コマミー

aftersun/アフターサンのコマミーのレビュー・感想・評価

aftersun/アフターサン(2022年製作の映画)
4.3
【終わりと始まり】


見終わった後、こんなにも"切なさと空虚さ"を感じた作品は幾度となく観てきたが、今回は格別それを感じた。

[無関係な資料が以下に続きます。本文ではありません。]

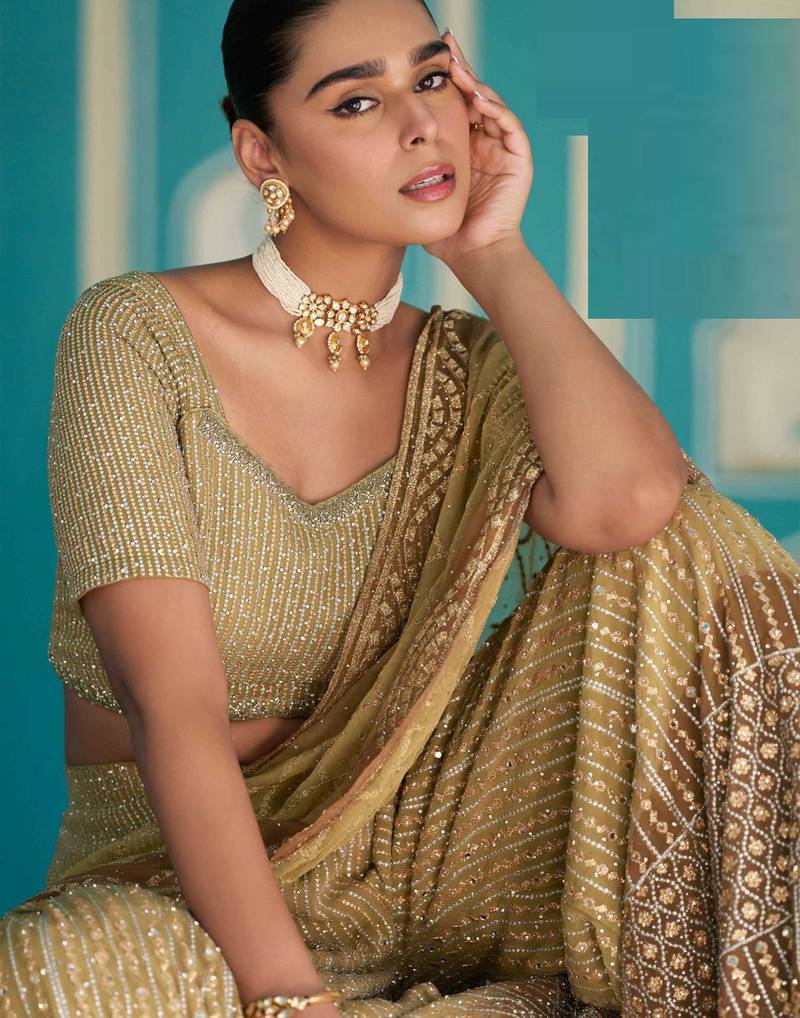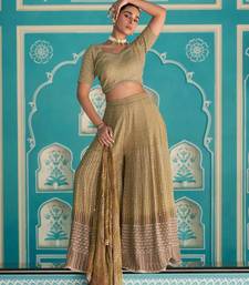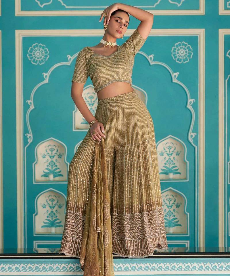 Gold georgette blouse palazzo suit with sequin, zari weaving & shimmer embroidery, free-size stitched.
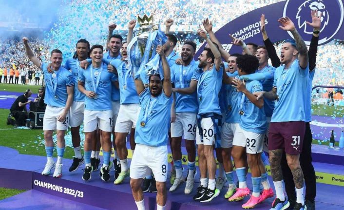 Premier Lig’in 37. haftasında Manchester City, Etihad Stadı’nda Chelsea’yi konuk etti. Ev sahibi ekip 12. dakikada Julian Alvarez’in golüyle rakibini 1-0 yendi. Arsenal’in dün yenilmesiyle şampiyonluğunu ilan eden Manchester City, bugünkü galibiyetin ardından şampiyonluk kupasını düzenlenen törenle aldı. Oyuncular törende büyük sevinç yaşadı.
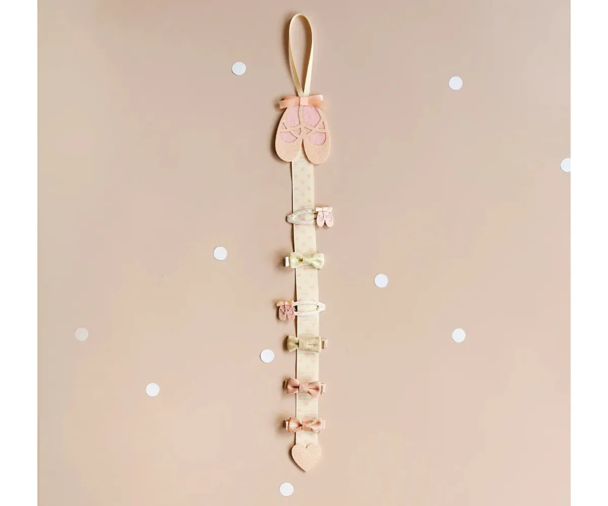 El Ballet Shoes Clip Hanger de Rockahula está diseñado con un precioso par de zapatillas de ballet en tonos rosados, decoradas con detalles bordados y un lazo delicado que aporta un toque mágico al dormitorio infantil.
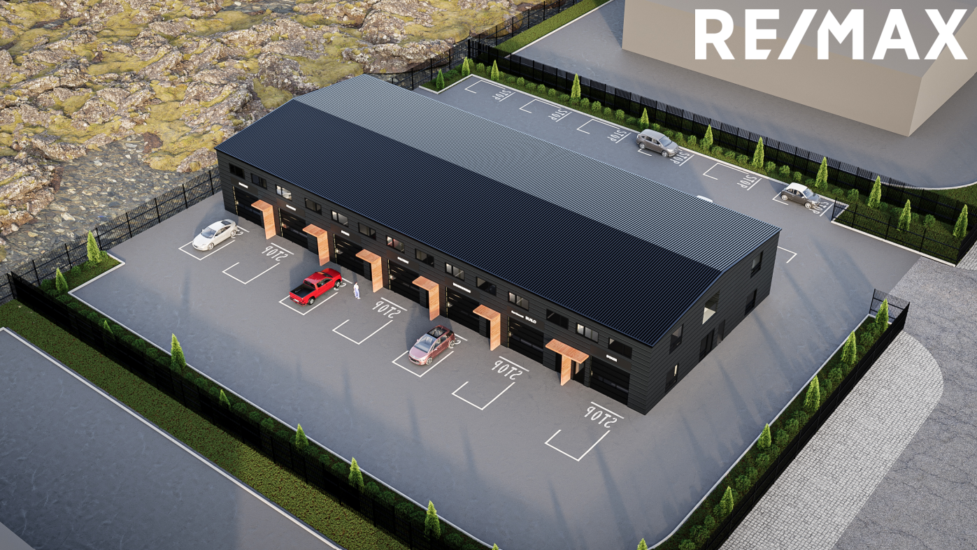 - Rafmagn (utanáliggjandi) fullfrágengið skv. teikningum og skilast með góðum iðnaðarlömpum í lofti og útikastara fyrir ofan iðnaðarhurð.

本作は出来れば頭をまっさらにした状態で臨んでほしいのであまり内容は話さないが、本作は"親と子"だからこそ感じる、"感情の乖離"がしっかり表現されていた作品だと感じたのだ。それはこの親子の"小さくも大きな行動"で徐々に明らかになっていくと言うか、本作の"音楽"でも、全編を通してそれを感じるようになる。何とも切ないと言うか…空虚と言うか…娘"ソフィ"の純粋さの陰に隠れた父"カラム"の"ある事"に対する"苦悩"が見えてきて涙が出た。
まさに"希望と絶望"が交差する作家性の強い作品と言えるだろう。

そんな親子を演じた"ポール・メスカル"と"フランキー・コリオ"には脱帽である。そしてそんな親子の物語を自身の経験を基に引き出した、"シャーロット・ウェルズ"も素晴らしいと感じた。

ある意味、「コロンバス」や「アフター・ヤン」と言ったコゴナダ作品で感じた感情と同じに感じた。両作で見えた"すれ違いの感情"が、本作にも感じられて目が離せなかった。

他人事とは思えなかったので、劇場で本作を見れて本当に良かったと感じた。